EL
MAETRICO SE CAGÓ
DE
LAS MEMORIAS DE UN ALFABETIZADOR.
Haber salido de la Beneficencia y no detenerme hasta
llegar a Baracoa-Oriente con solo once años, habla un poco de esa alma
aventurera que me acompañó durante casi toda la vida. Fue un largo vuelo como
el experimentado por todas las aves cuando les abren la jaula, nació entonces
esa ansia de libertad que cargo en el alma. No volé solo, lo hice acompañado de
un pequeño grupo de “benéficos” y yo era el menor de todos. Puede que años más
tarde Nino Bravo nos dedicara aquella canción titulada “Libre” o nos apropiamos
de ella con antelación.
Aquella aventura comenzó en la playa de Varadero
donde permanecimos unas dos semanas.
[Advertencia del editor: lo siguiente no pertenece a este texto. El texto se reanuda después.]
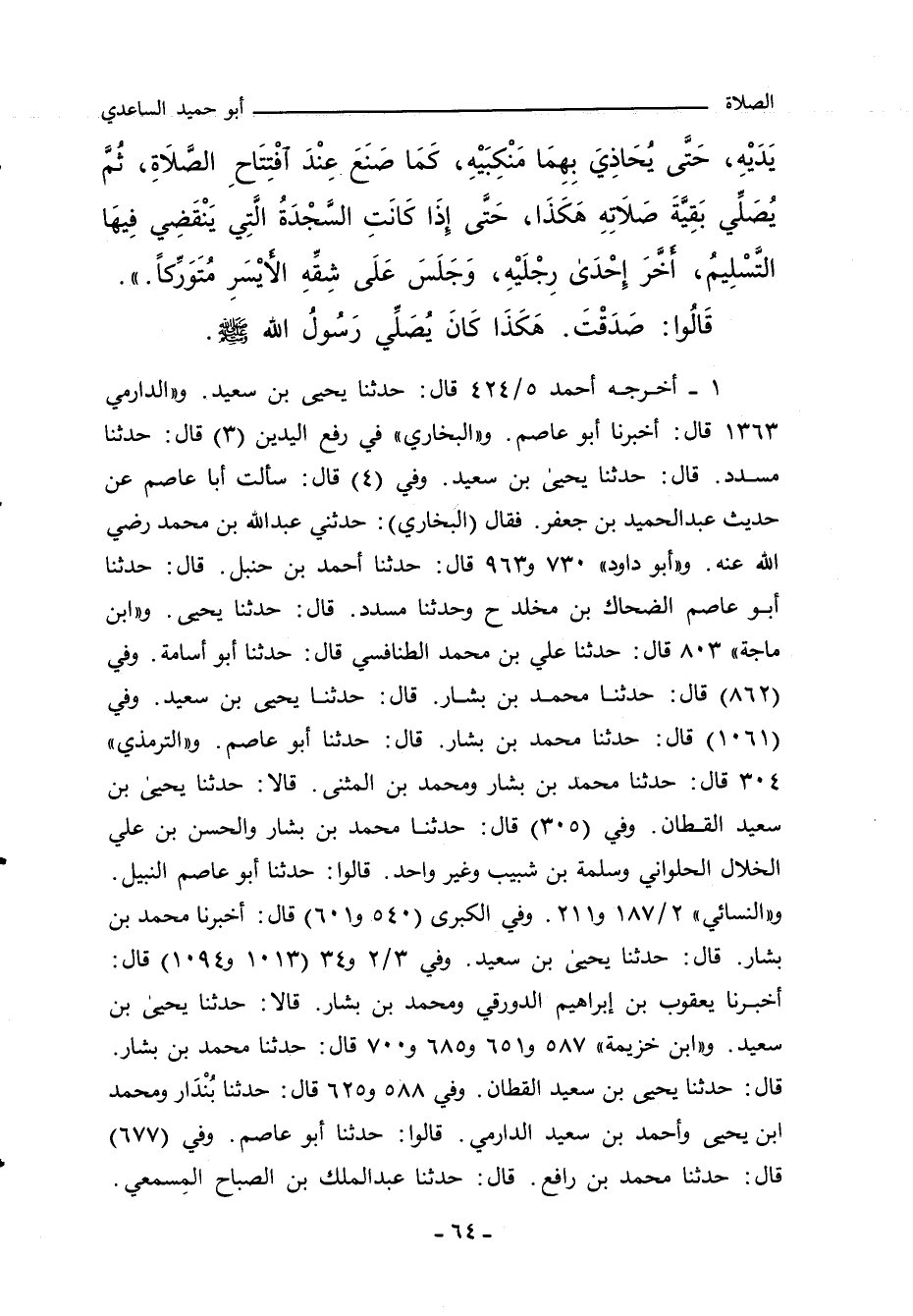 ١ - أخرجه ابن أَبي شَيْبَة ١/ ٢٣٥ (٢٤٣٨) ١/ ٢٨٨ (٢٩٦٤) قال: حدَّثنا هشيم. و"أحمد" ٥/ ٤٢٤ (٢٣٩٩٧) قال: حدَّثنا يحيى بن سعيد. و"الدارِمِي" ١٣٥٦ قال: أَخْبَرنا أبو عاصم. (خ ي) ٣ قال: حدَّثنا مسدد، قال: حدَّثنا يحيى بن سعيد. وفي (٤) قال: سألت أبا عاصم عن حديث عبد الحميد بن جعفر. فقال البخاري: حدثني عبد الله بن محمد رضي الله عنه. و"أبو داود" ٧٣٠ و ٩٦٣ قال: حدَّثنا أحمد بن حنبل، حدَّثنا أبو عاصم، الضحاك بن مخلد (ح) وحدثنا مسدد، حدَّثنا يحيى. و"ابن ماجة" ٨٠٣ قال: حدَّثنا علي بن محمد الطنافسي، حدَّثنا أبو أسامة. وفي (٨٦٢) قال: حدَّثنا محمد بن بشار، حدَّثنا يحيى بن سعيد. وفي (١٠٦١) قال: حدَّثنا محمد بن بشار، حدَّثنا أبو عاصم. و"التِّرمِذي" ٣٠٤ قال: حدَّثنا محمد بن بشار، ومحمد بن المثنى، قالا: حدَّثنا يحيى بن سعيد القطان. وفي (٣٠٥) قال: حدَّثنا محمد بن بشار، والحسن بن علي الخلال الحلواني، وسلمة بن شبيب، وغير واحد، قالوا: حدَّثنا أبو عاصم النبيل. و"النَّسائي" ٢/ ١٨٧ و ٢/ ٢١١، وفي "الكبرى" ٦٣١ و ٦٩٢ قال: أَخْبَرنا محمد بن بشار، قال: حدَّثنا يحيى بن سعيد. وفي ٣/ ٢ و ٣/ ٣٤، وفي "الكبرى" ١١٠٥ و ١١٨٦ قال: أَخْبَرنا يعقوب بن إبراهيم الدورقي، ومحمد بن بشار، قالا: حدَّثنا يحيى بن سعيد. و"ابن خزيمة" ٥٨٧ و ٦٥١ و ٦٨٥ و ٧٠٠ قال: حدَّثنا محمد بن بشار، حدَّثنا يحيى بن سعيد القطان. وفي (٥٨٨ و ٦٢٥) قال: حدَّثنا بُنْدَار، ومحمد بن يحيى، وأحمد بن سعيد الدارمي، قالوا: حدَّثنا أبو عاصم. وفي (٦٧٧) قال: حدَّثنا محمد بن رافع، حدَّثنا عبد الملك بن الصباح المِسمعي.

Luego y una vez uniformados como
alfabetizadores, cargando con un farol, una mochila repleta de tarecos y
manuales adoctrinadores, recorreríamos casi toda la longitud de la isla a bordo
de una guagua escolar de aquellos tiempos. Aquel viaje nos tomó varios días con
escalas en Santiago de Cuba y luego Guantánamo. El trayecto hasta Baracoa lo
realizamos en un camión ruso de aquellos llamados “Búfalo”, animal que consumía
casi todo el ancho de “La Farola”, un camino de tierra y única vía para acceder
a la primera capital de Cuba. Todos sentimos miedo cuando aquel mastodonte con
síntomas de asfixia tocaba con sus gomas el borde de los precipicios sin
protección que existían.
Baracoa estaba casi aislada del mundo, no les
llegaban las señales de televisión y los pocos vehículos que se atrevían a
desafiar aquella montaña fueron los camiones, jeeps y uno que otro auto bien
fuerte. El pequeño aeropuerto quedaba inutilizado cuando el río Miel o el
Sabanilla se desbordaba, no recuerdo cuál de ellos era el que le pasaba más próximo.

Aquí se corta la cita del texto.